What you should do: The output should be the listing below, limited to the lines from the one with "为进一步提高村民的诚信意识,营造全民诚信" through the one with "Konektor 3 polni", exact and without pictures.

··· Dataset extract

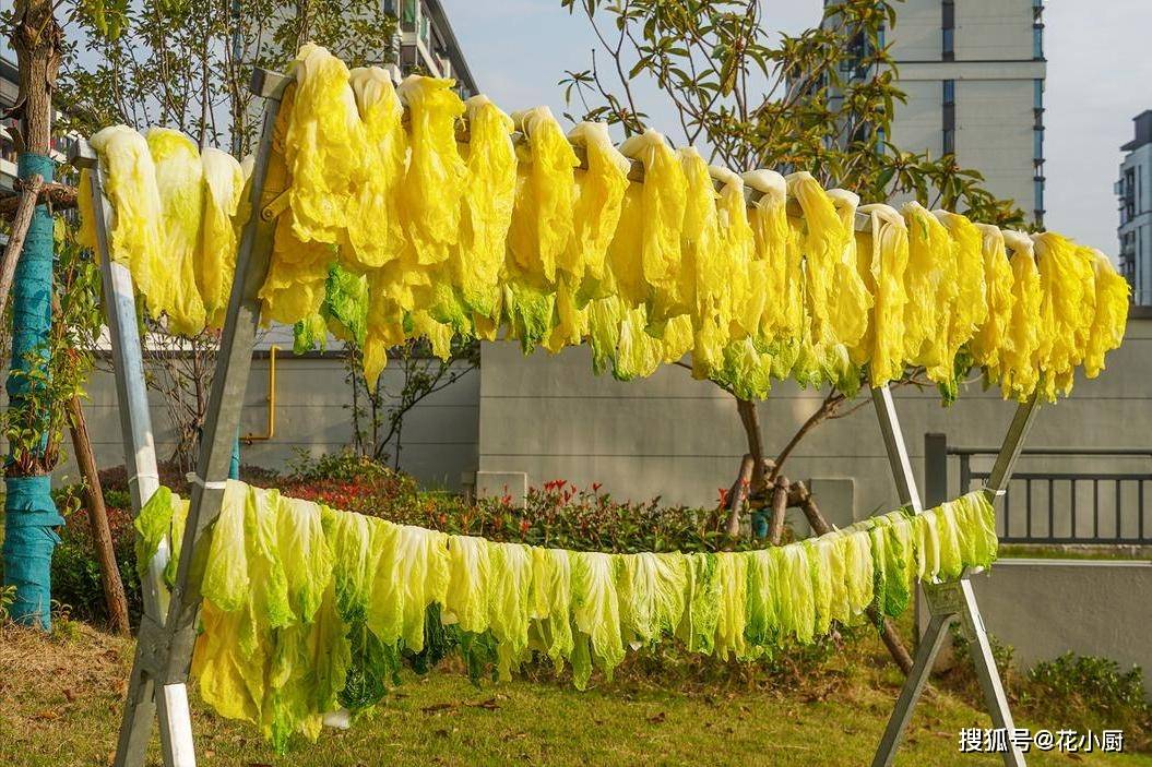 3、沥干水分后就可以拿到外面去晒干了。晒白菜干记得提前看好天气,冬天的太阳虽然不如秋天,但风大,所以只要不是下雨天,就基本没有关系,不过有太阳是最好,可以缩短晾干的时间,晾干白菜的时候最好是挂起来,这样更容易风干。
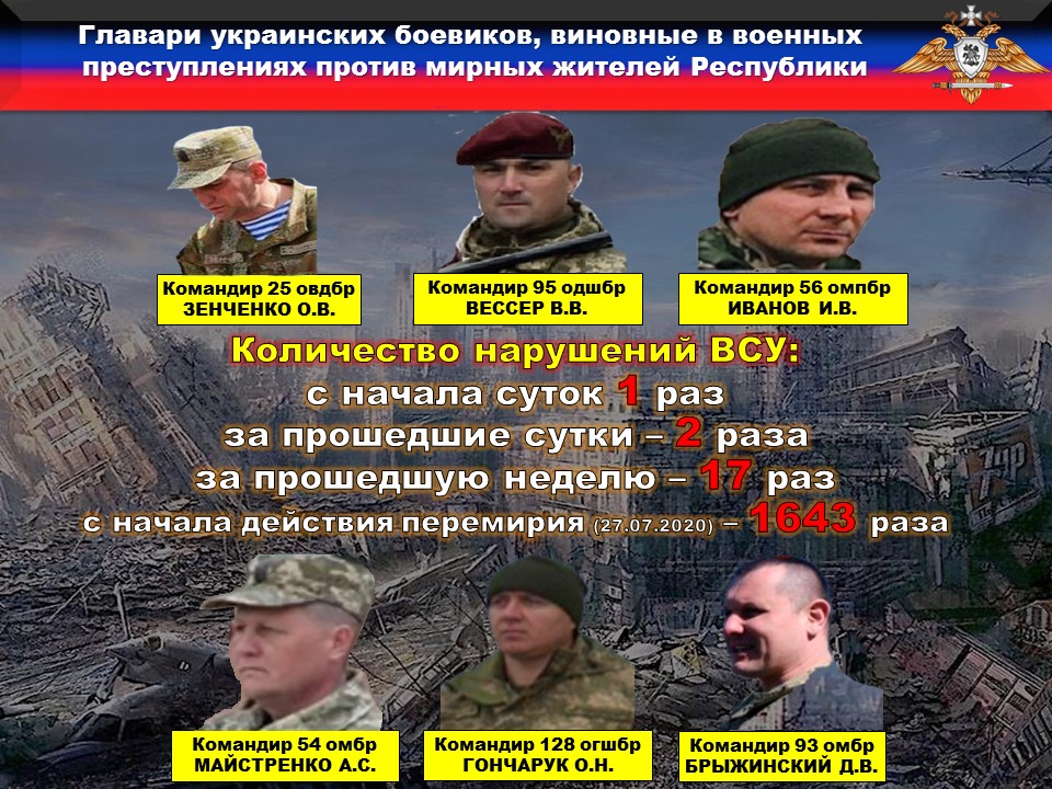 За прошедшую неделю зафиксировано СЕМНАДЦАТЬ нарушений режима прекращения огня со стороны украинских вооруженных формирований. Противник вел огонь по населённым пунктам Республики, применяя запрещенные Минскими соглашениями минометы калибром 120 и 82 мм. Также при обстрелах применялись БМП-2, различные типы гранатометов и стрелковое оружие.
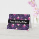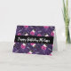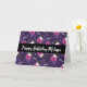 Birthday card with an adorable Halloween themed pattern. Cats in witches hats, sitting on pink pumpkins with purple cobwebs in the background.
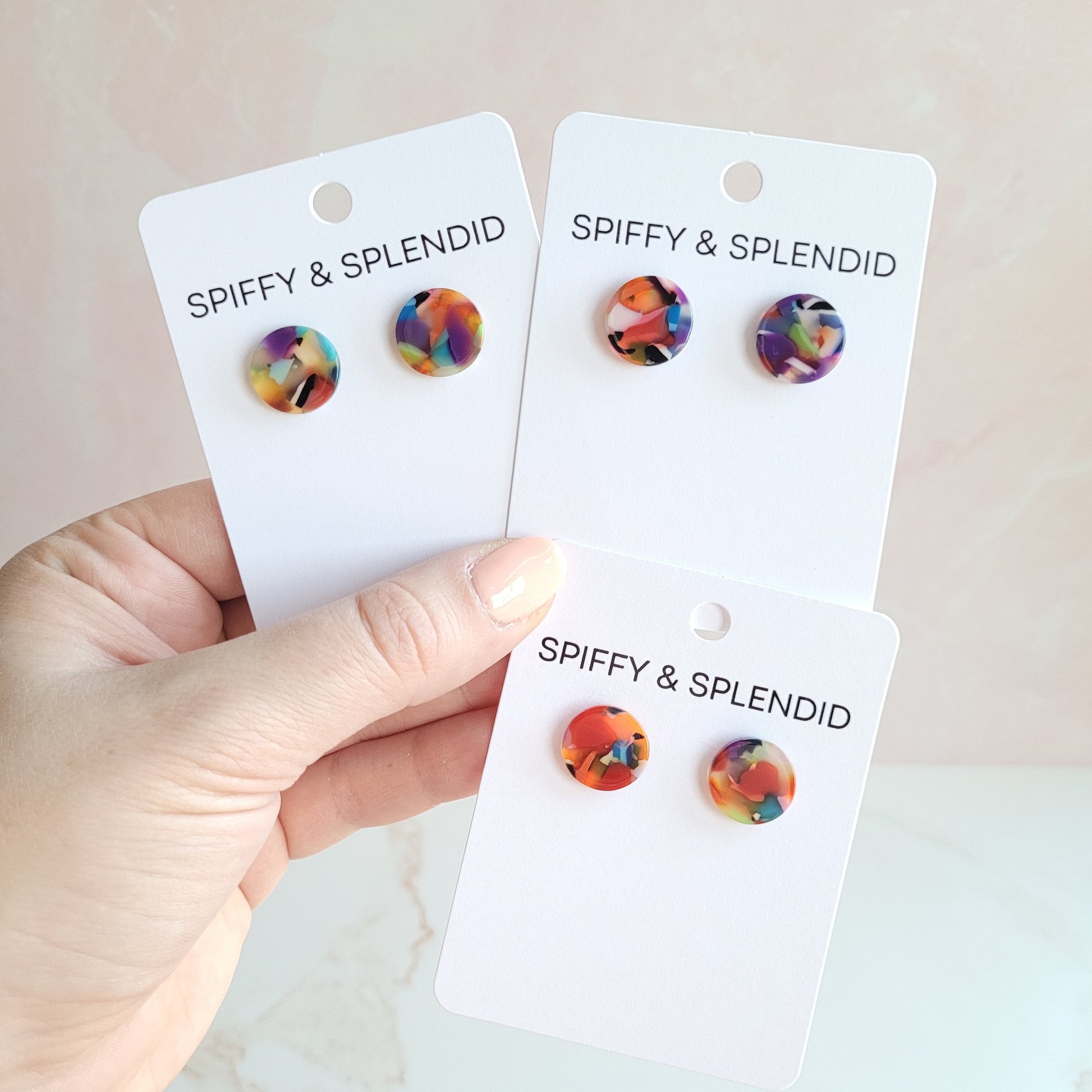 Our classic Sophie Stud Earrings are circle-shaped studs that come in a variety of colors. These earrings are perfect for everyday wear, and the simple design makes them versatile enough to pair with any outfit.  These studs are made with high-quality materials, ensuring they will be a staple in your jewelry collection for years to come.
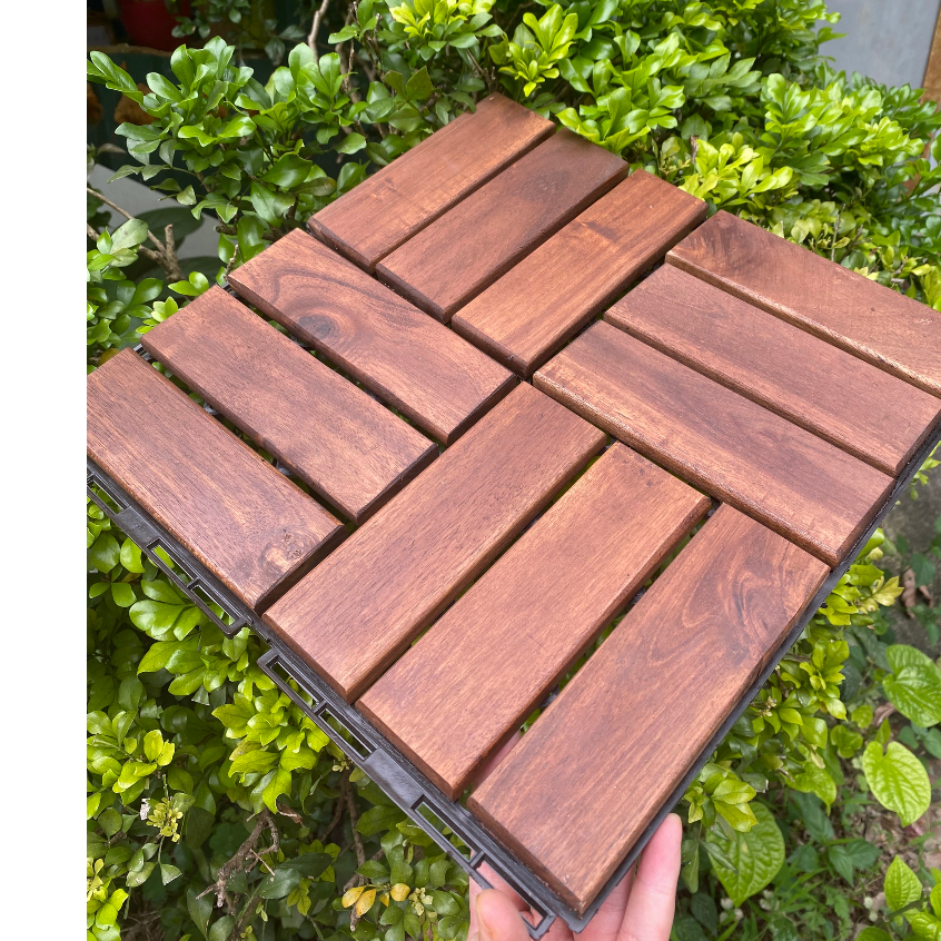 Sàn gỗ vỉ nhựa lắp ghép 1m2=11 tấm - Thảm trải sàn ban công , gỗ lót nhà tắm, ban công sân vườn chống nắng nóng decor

······
··· Dataset extract

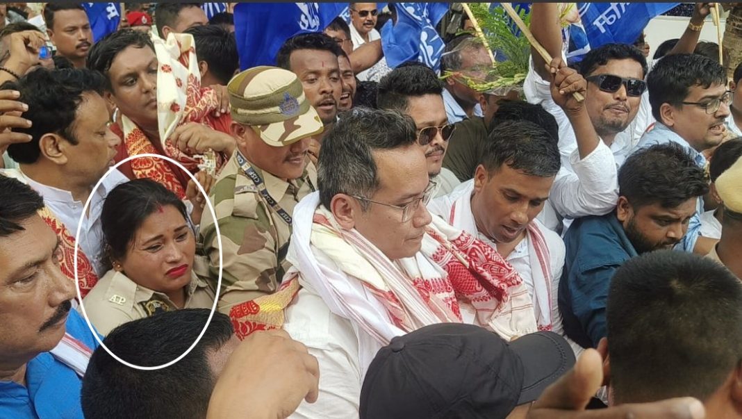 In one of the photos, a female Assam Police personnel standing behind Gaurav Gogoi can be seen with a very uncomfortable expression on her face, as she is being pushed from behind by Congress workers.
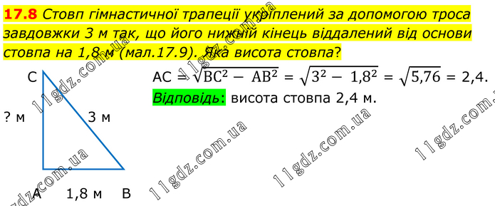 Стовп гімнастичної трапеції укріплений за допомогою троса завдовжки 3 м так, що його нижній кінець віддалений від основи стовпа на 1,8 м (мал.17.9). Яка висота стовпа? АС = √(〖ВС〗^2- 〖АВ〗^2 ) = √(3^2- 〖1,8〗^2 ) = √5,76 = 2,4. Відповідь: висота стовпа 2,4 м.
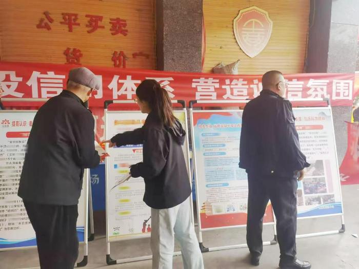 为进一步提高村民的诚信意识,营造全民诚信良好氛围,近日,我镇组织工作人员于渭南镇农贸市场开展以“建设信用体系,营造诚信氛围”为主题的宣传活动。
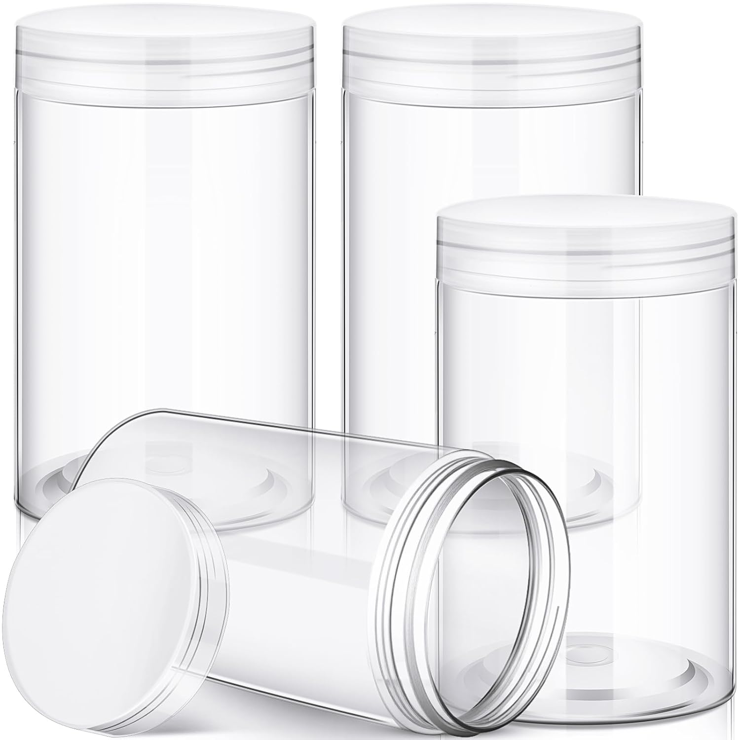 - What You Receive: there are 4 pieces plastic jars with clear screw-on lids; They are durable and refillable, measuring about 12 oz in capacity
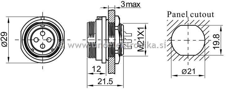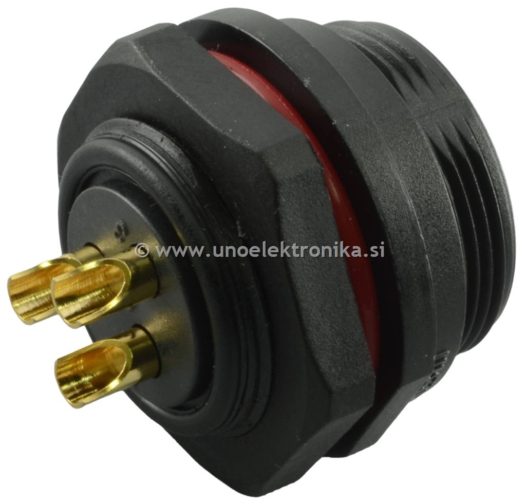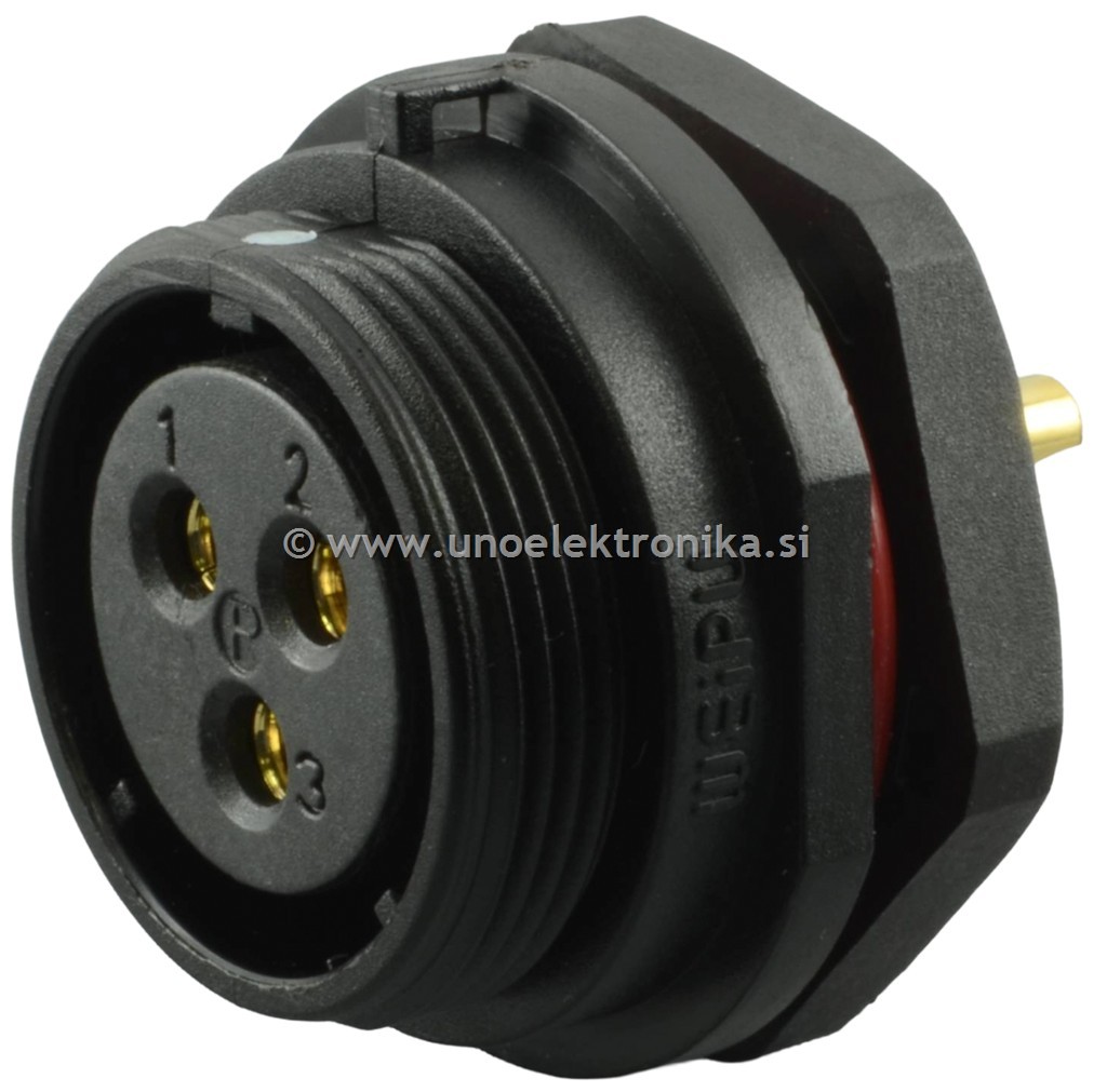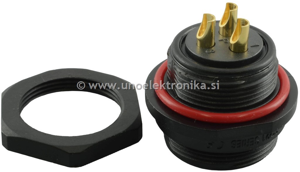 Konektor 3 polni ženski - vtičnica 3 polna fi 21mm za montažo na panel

······
··· Dataset extract

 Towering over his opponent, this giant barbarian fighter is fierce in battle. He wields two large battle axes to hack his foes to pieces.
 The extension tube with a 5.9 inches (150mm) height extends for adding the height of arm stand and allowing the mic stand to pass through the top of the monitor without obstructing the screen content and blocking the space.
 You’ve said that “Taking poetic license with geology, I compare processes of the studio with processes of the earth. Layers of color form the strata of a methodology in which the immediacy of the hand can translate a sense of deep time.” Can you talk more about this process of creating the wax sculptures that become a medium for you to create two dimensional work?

······

Answer to this exercise:
 为进一步提高村民的诚信意识,营造全民诚信良好氛围,近日,我镇组织工作人员于渭南镇农贸市场开展以“建设信用体系,营造诚信氛围”为主题的宣传活动。
 - What You Receive: there are 4 pieces plastic jars with clear screw-on lids; They are durable and refillable, measuring about 12 oz in capacity
 Konektor 3 polni ženski - vtičnica 3 polna fi 21mm za montažo na panel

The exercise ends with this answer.